(INPUT DATA)
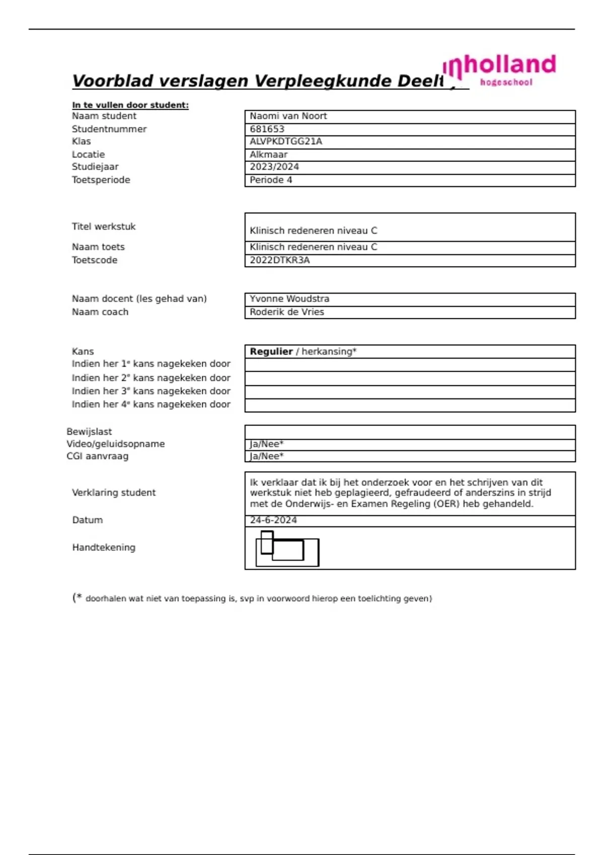 Verklaring student werkstuk niet heb geplagieerd, gefraudeerd of anderszins in strijd
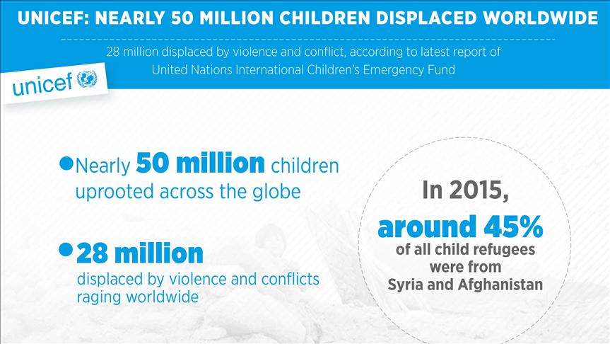 Nearly 50 million children have been uprooted across the globe, 28 million of them by violence and conflicts raging worldwide, according to a new report released Wednesday by the UN Children's Fund (UNICEF).
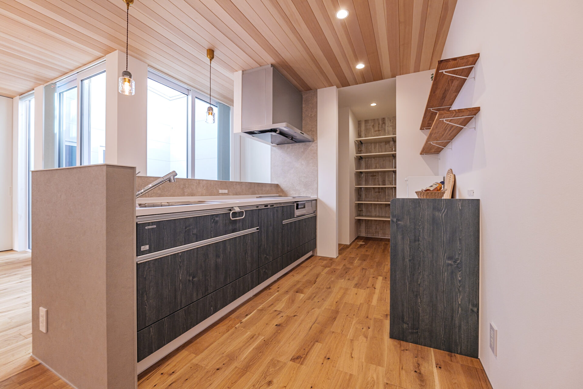 オリジナルキッチンと中庭が映える家(シンプルノート):福井県小浜市
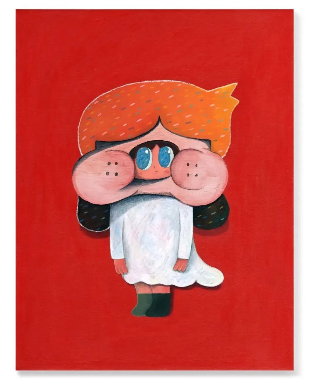 艺术家以极具冲击力的视觉语言,将梦境的隐喻、生命的感知、精神的独白,凝练成高度辨识性的符号。在这组作品中,他以拙趣与伤痕并存的形象构筑叙事,将个体在信息洪流中的疏离感,揉进每一寸肌理。层叠剥落的纸张、磨损的笔触,都意在留住时间的温度——像童年墙上的刻痕,沉默、质朴,却真实地存在着,等待着被看见。
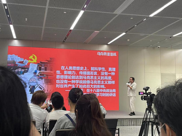 《马克思漫漫说·政治经济学》一书的作者徐亮老师通过漫画形式,生动直观讲述了马克思主义一直发展并成为伟大的指导思想的原因。同为《马克思漫漫说·政治经济学》一书作者的师志远老师从《共产党宣言》《资本论》两部不朽经典入手,运用生动的语言和诸多的实例,讲述了《共产党宣言》标志着马克思主义的诞生,是全世界共产党人的精神家园,是全世界共产党人奋斗的初心和原点。《资本论》科学阐明了劳动价值理论和剩余价值理论,在政治经济学领域实现了革命性的变革,为科学社会主义奠定了牢固理论基础。
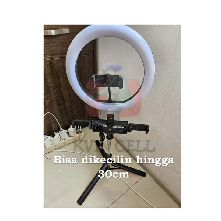 Paket Lampu Ring Light 26cm 33cm Live dan TriP00D Tongsis 1,7 Meter Free 3 Holder Hp Live Studio Streaming Striming Jua
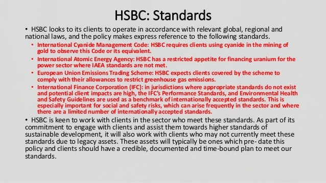 - 31. HSBC: Standards • HSBC looks to its clients to operate in accordance with relevant global, regional and national laws, and the policy makes express reference to the following standards. • International Cyanide Management Code: HSBC requires clients using cyanide in the mining of gold to observe this Code or its equivalent. • International Atomic Energy Agency: HSBC has a restricted appetite for financing uranium for the power sector where IAEA standards are not met. • European Union Emissions Trading Scheme: HSBC expects clients covered by the scheme to comply with their allowances to restrict greenhouse gas emissions. • International Finance Corporation (IFC): in jurisdictions where appropriate standards do not exist and potential client impacts are high, the IFC’s Performance Standards, and Environmental Health and Safety Guidelines are used as a benchmark of internationally accepted standards. This is especially important for social and safety risks, which can arise frequently in the sector and where there are a limited number of internationally accepted standards. • HSBC is keen to work with clients in the sector who meet these standards. As part of its commitment to engage with clients and assist them towards higher standards of sustainable development, it will also work with clients who may not currently meet these standards due to legacy assets. These assets will typically be ones which pre- date this policy and clients should have a credible, documented and time-bound plan to meet our standards.
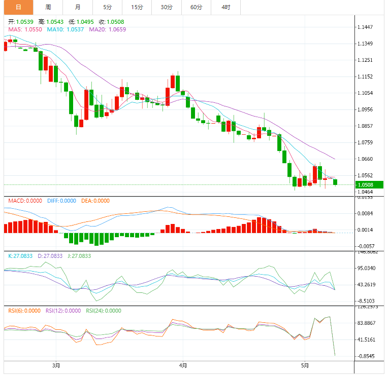 2、研究机构Sentix周一发布的最新数据显示,欧元区投资者情绪在2022年第5个月大幅下挫。Sentix投资者信心指数从4月的负18跌至负22.6,预期为负20.8。随着衰退迹象越来越明显,该指数跌至2020年6月以来的最低水平。该指数连续第三个月下跌。欧元对令人失望的欧元区Sentix数据几乎没有反应。欧元兑美元当天下跌了0.38%,目前交易价格为1.0511。
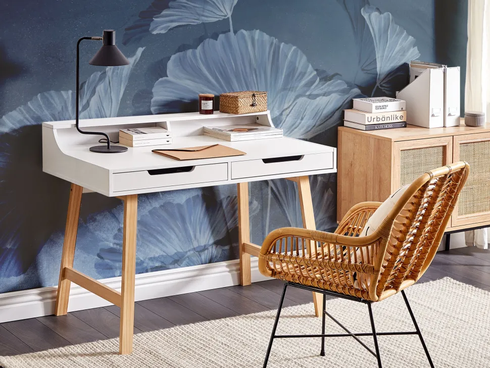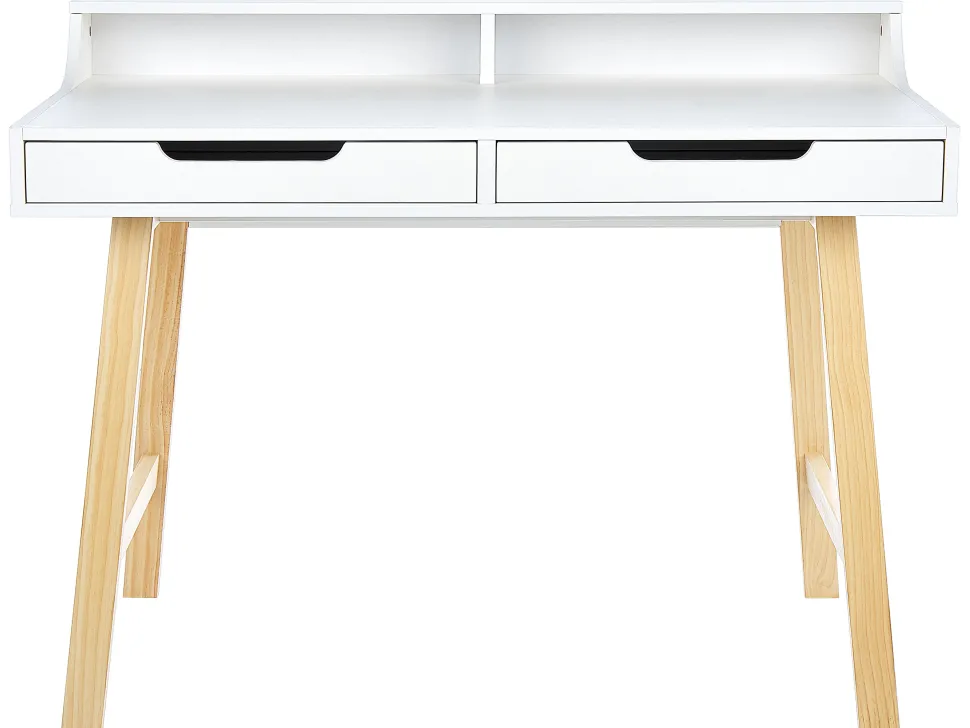Secretaria Em Madeira Clara E Branca Com 2 Gavetas 110 X 58 Cm Barie
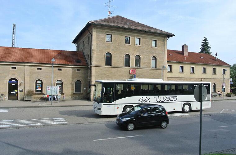 Vor dem Bahnhof warten die Taxis. Der Haßfurter Bahnhof ist für den ganzen Landkreis Haßberge ein zentraler Knotenpunkt des Öffentlichen Nahverkehrs.
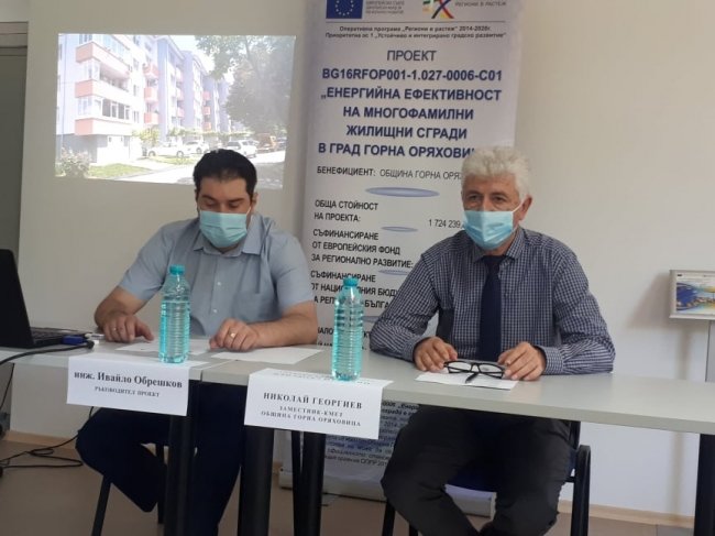 С пресконференция в ОИЦ, приключиха дейностите по проект „Енергийна ефективност на многофамилни жилищни сгради в град Горна Оряховица“. На събитието присъстваха заместник-кметът по финанси Николай Георгиев, ръководителят на проекта инж. Ивайло Обрешков и други представители от екипа, които обобщиха реализираните дейности, постигнатите цели и резултати.
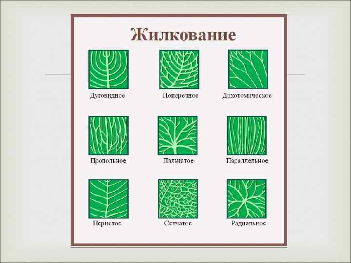 Основные типы жилкования: Дихотомическое жилкование свойственно большинству папоротниковидных, а из голосеменных - гинкго двулопастному. При этом анастомозы отсутствуют, а окончания жилок подходят к краю листовой пластинки. Параллельное и дуговое жилкование характерно для однодольных. При этом от основания листа в пластинку вступает ряд жилок примерно одинакового размера, которые пронизывают пластинку параллельно или дугообразно. На протяжении пластинки жилки соединяются анастомозами, идущими косо.
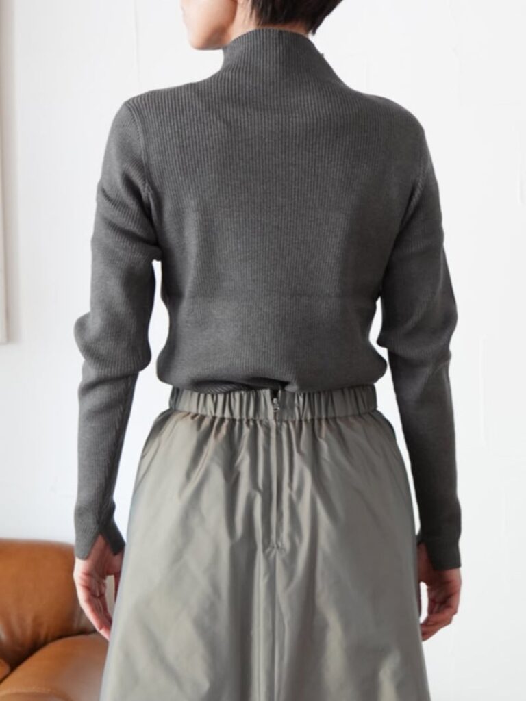 中央の編み地の切り替えや、袖口のミニスリットがポイントになります。
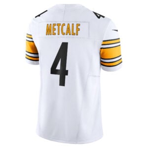 Suit up like a legend in the DK Metcalf Pittsburgh Steelers White Vapor F.U.S.E Limited Jersey – All Stitched. This premium jersey features fully stitched name, number, and details for a high-quality, stunning look. Designed in the Steelers’ classic black and gold, it’s perfect for game day or everyday fan wear. Whether you’re cheering from the stands or watching from home, show your Pittsburgh pride and rep Metcalf in style. A must-have for any true Steelers fan!
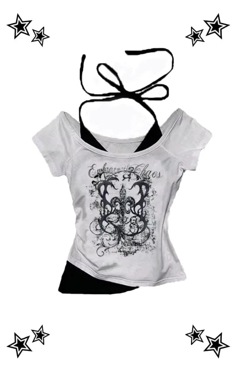 Beyaz Gotik Embrace Madonna Yaka Ek Askılı Y2K Kısa Kollu Crop
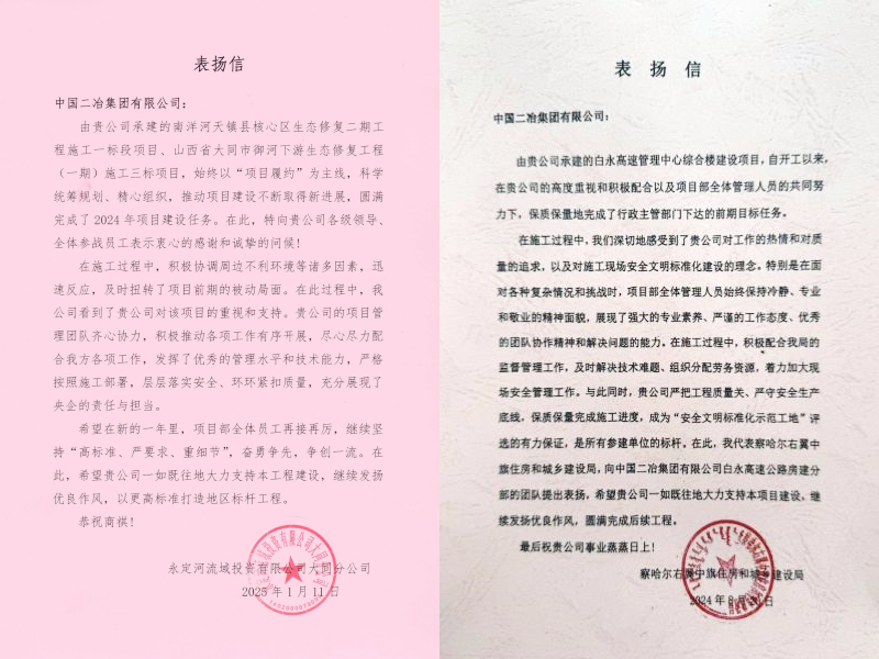 近日,中國二冶先后收到永定河流域投資有限公司大同分公司、中鹽內蒙古化工股份有限公司鹽堿分公司發來的表揚信。信中高度贊揚了中國二冶在南洋河御河項目、中鹽內蒙古化工項目建設中展現出的卓越專業能力、嚴謹施工態度以及為地方經濟社會發展作出的積極貢獻。
(End INPUT DATA)
WHAT YOU WILL DO
None of the pictures should appear, though every line of the data above must be reproduced exactly.

RESPONSE TO THIS TASK
 Verklaring student werkstuk niet heb geplagieerd, gefraudeerd of anderszins in strijd
 Nearly 50 million children have been uprooted across the globe, 28 million of them by violence and conflicts raging worldwide, according to a new report released Wednesday by the UN Children's Fund (UNICEF).
 オリジナルキッチンと中庭が映える家(シンプルノート):福井県小浜市
 艺术家以极具冲击力的视觉语言,将梦境的隐喻、生命的感知、精神的独白,凝练成高度辨识性的符号。在这组作品中,他以拙趣与伤痕并存的形象构筑叙事,将个体在信息洪流中的疏离感,揉进每一寸肌理。层叠剥落的纸张、磨损的笔触,都意在留住时间的温度——像童年墙上的刻痕,沉默、质朴,却真实地存在着,等待着被看见。
 《马克思漫漫说·政治经济学》一书的作者徐亮老师通过漫画形式,生动直观讲述了马克思主义一直发展并成为伟大的指导思想的原因。同为《马克思漫漫说·政治经济学》一书作者的师志远老师从《共产党宣言》《资本论》两部不朽经典入手,运用生动的语言和诸多的实例,讲述了《共产党宣言》标志着马克思主义的诞生,是全世界共产党人的精神家园,是全世界共产党人奋斗的初心和原点。《资本论》科学阐明了劳动价值理论和剩余价值理论,在政治经济学领域实现了革命性的变革,为科学社会主义奠定了牢固理论基础。
 Paket Lampu Ring Light 26cm 33cm Live dan TriP00D Tongsis 1,7 Meter Free 3 Holder Hp Live Studio Streaming Striming Jua
 - 31. HSBC: Standards • HSBC looks to its clients to operate in accordance with relevant global, regional and national laws, and the policy makes express reference to the following standards. • International Cyanide Management Code: HSBC requires clients using cyanide in the mining of gold to observe this Code or its equivalent. • International Atomic Energy Agency: HSBC has a restricted appetite for financing uranium for the power sector where IAEA standards are not met. • European Union Emissions Trading Scheme: HSBC expects clients covered by the scheme to comply with their allowances to restrict greenhouse gas emissions. • International Finance Corporation (IFC): in jurisdictions where appropriate standards do not exist and potential client impacts are high, the IFC’s Performance Standards, and Environmental Health and Safety Guidelines are used as a benchmark of internationally accepted standards. This is especially important for social and safety risks, which can arise frequently in the sector and where there are a limited number of internationally accepted standards. • HSBC is keen to work with clients in the sector who meet these standards. As part of its commitment to engage with clients and assist them towards higher standards of sustainable development, it will also work with clients who may not currently meet these standards due to legacy assets. These assets will typically be ones which pre- date this policy and clients should have a credible, documented and time-bound plan to meet our standards.
 2、研究机构Sentix周一发布的最新数据显示,欧元区投资者情绪在2022年第5个月大幅下挫。Sentix投资者信心指数从4月的负18跌至负22.6,预期为负20.8。随着衰退迹象越来越明显,该指数跌至2020年6月以来的最低水平。该指数连续第三个月下跌。欧元对令人失望的欧元区Sentix数据几乎没有反应。欧元兑美元当天下跌了0.38%,目前交易价格为1.0511。
Secretaria Em Madeira Clara E Branca Com 2 Gavetas 110 X 58 Cm Barie
 Vor dem Bahnhof warten die Taxis. Der Haßfurter Bahnhof ist für den ganzen Landkreis Haßberge ein zentraler Knotenpunkt des Öffentlichen Nahverkehrs.
 С пресконференция в ОИЦ, приключиха дейностите по проект „Енергийна ефективност на многофамилни жилищни сгради в град Горна Оряховица“. На събитието присъстваха заместник-кметът по финанси Николай Георгиев, ръководителят на проекта инж. Ивайло Обрешков и други представители от екипа, които обобщиха реализираните дейности, постигнатите цели и резултати.
 Основные типы жилкования: Дихотомическое жилкование свойственно большинству папоротниковидных, а из голосеменных - гинкго двулопастному. При этом анастомозы отсутствуют, а окончания жилок подходят к краю листовой пластинки. Параллельное и дуговое жилкование характерно для однодольных. При этом от основания листа в пластинку вступает ряд жилок примерно одинакового размера, которые пронизывают пластинку параллельно или дугообразно. На протяжении пластинки жилки соединяются анастомозами, идущими косо.
 中央の編み地の切り替えや、袖口のミニスリットがポイントになります。
 Suit up like a legend in the DK Metcalf Pittsburgh Steelers White Vapor F.U.S.E Limited Jersey – All Stitched. This premium jersey features fully stitched name, number, and details for a high-quality, stunning look. Designed in the Steelers’ classic black and gold, it’s perfect for game day or everyday fan wear. Whether you’re cheering from the stands or watching from home, show your Pittsburgh pride and rep Metcalf in style. A must-have for any true Steelers fan!
 Beyaz Gotik Embrace Madonna Yaka Ek Askılı Y2K Kısa Kollu Crop
 近日,中國二冶先后收到永定河流域投資有限公司大同分公司、中鹽內蒙古化工股份有限公司鹽堿分公司發來的表揚信。信中高度贊揚了中國二冶在南洋河御河項目、中鹽內蒙古化工項目建設中展現出的卓越專業能力、嚴謹施工態度以及為地方經濟社會發展作出的積極貢獻。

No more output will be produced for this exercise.